Capitulo 1. O nascimento das herdeiras

A Rainha Serenity se encontrava descansando em seus aposentos. Estava sentada a frente à janela, contemplado como a água brotava feliz da fonte que presidia os jardins reais. A fonte era bela, em seu centro ficava uma figura, representava a Rainha Serenity que fundou o Milênio de Prata, a primeira de uma larga geração. Em mãos levava um cristal, cuja base saia água, azul debaixo do reflexo do planeta Terra. Levantou a vista para aquela enorme bola azul e branca e pensou em seus habitantes.

Que tolos... viviam primitivamente e haviam se esquecido que alem de sua atmosfera existiam planetas com vida inteligente. Melhor. Não queria misturar-se com aqueles bárbaros que comiam com as mãos, viviam em cavernas e maltratavam suas mulheres. Lamentou haver enviado um embaixador para a Terra com um tratado de paz. Os habitantes da Terra, aqueles terrestres, pensaram que o emissário era louco e o exilaram ao deserto, onde perderam o contato com ele. Serenity não estava disposta a sacrificar a vida de nenhum membro de sua corte para tirar aqueles cavernícolas de suas sujas residências e suas lamentáveis existências.

De repente escutou um choro, primeiro suave, como um lamento, logo mas forte e vigoroso. Sorrio para si e chegou perto de um berço, onde um precioso bebê de olhos grandes e azuis e sedosos cabelos *prateados chorava, reclamando seu alimento.

Serenity pegou a pequena dama em braços. A menina só tinha apenas 7 meses e seu choro era digno de um membro da realeza. Suspirou feliz pensando que, depois de anos de batalha e estabelecimentos de alianças, o Milênio de Prata, havia se transformado no que sempre sonhou. Um lugar próspero e pacífico. Fazia anos que não havia ataques que requeriam a participação das Sailors. Alegrou-se por suas fieis guerreiras, suas amigas. Agora todas já eram mães.

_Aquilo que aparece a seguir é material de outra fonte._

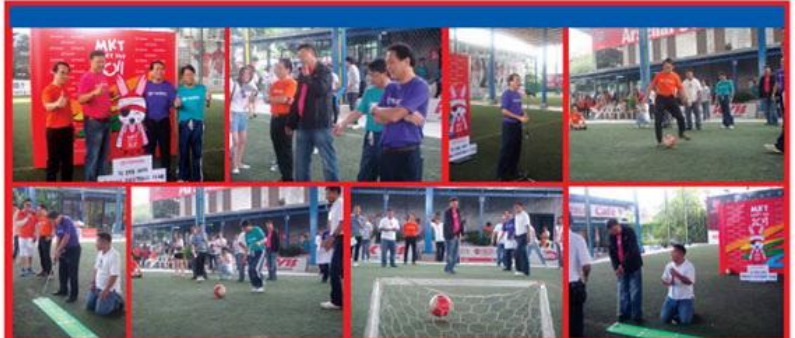
Opening Declaration by 4 CEOs
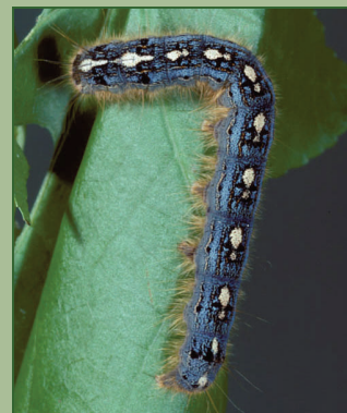
Spruce budworm and forest tent caterpillar larvae
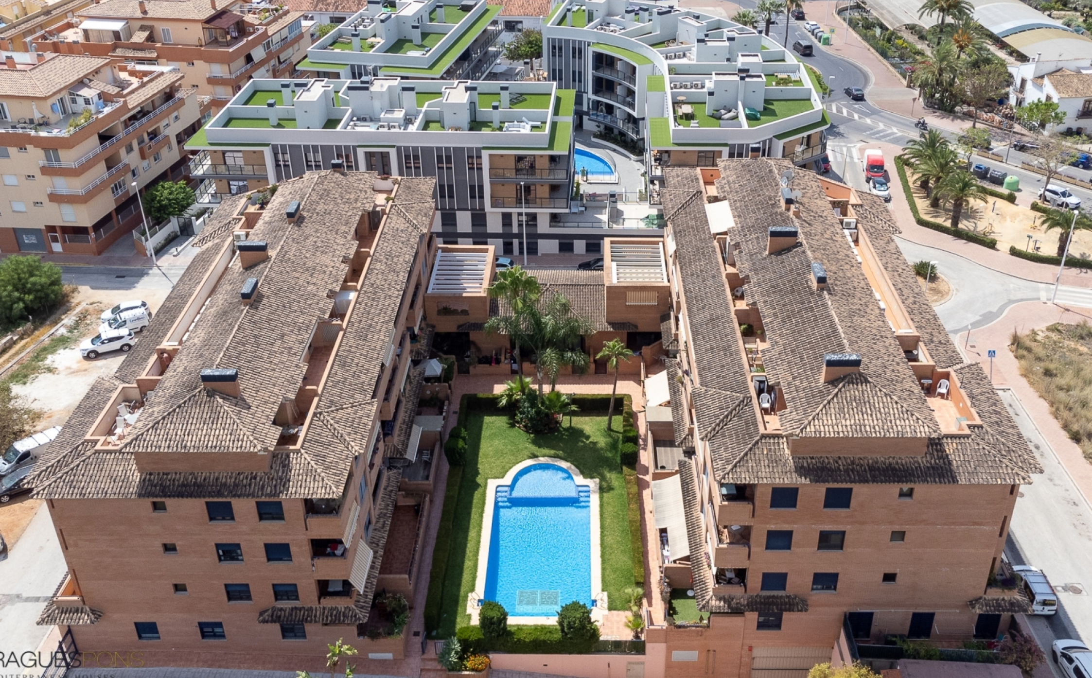
Ático con terraza y vistas al mar en Jávea CENTRO CIUDAD, JÁVEA/XÀBIA - REF. A-338

Lady Marte se casou muito jovem com um príncipe de seu planeta. Fazia pouco mas de 10 meses que havia nascido sua primeira filha. Em uma conversa com a guerreira do fogo, ela lê contou que a pequena Rey já caminhava e falava... e demonstrava ter um forte temperamento porque quando se irritava não havia que a fizesse se calar. Serenity segurou o riso quando se deu conta que a pequena dama havia adormecido em seus braços.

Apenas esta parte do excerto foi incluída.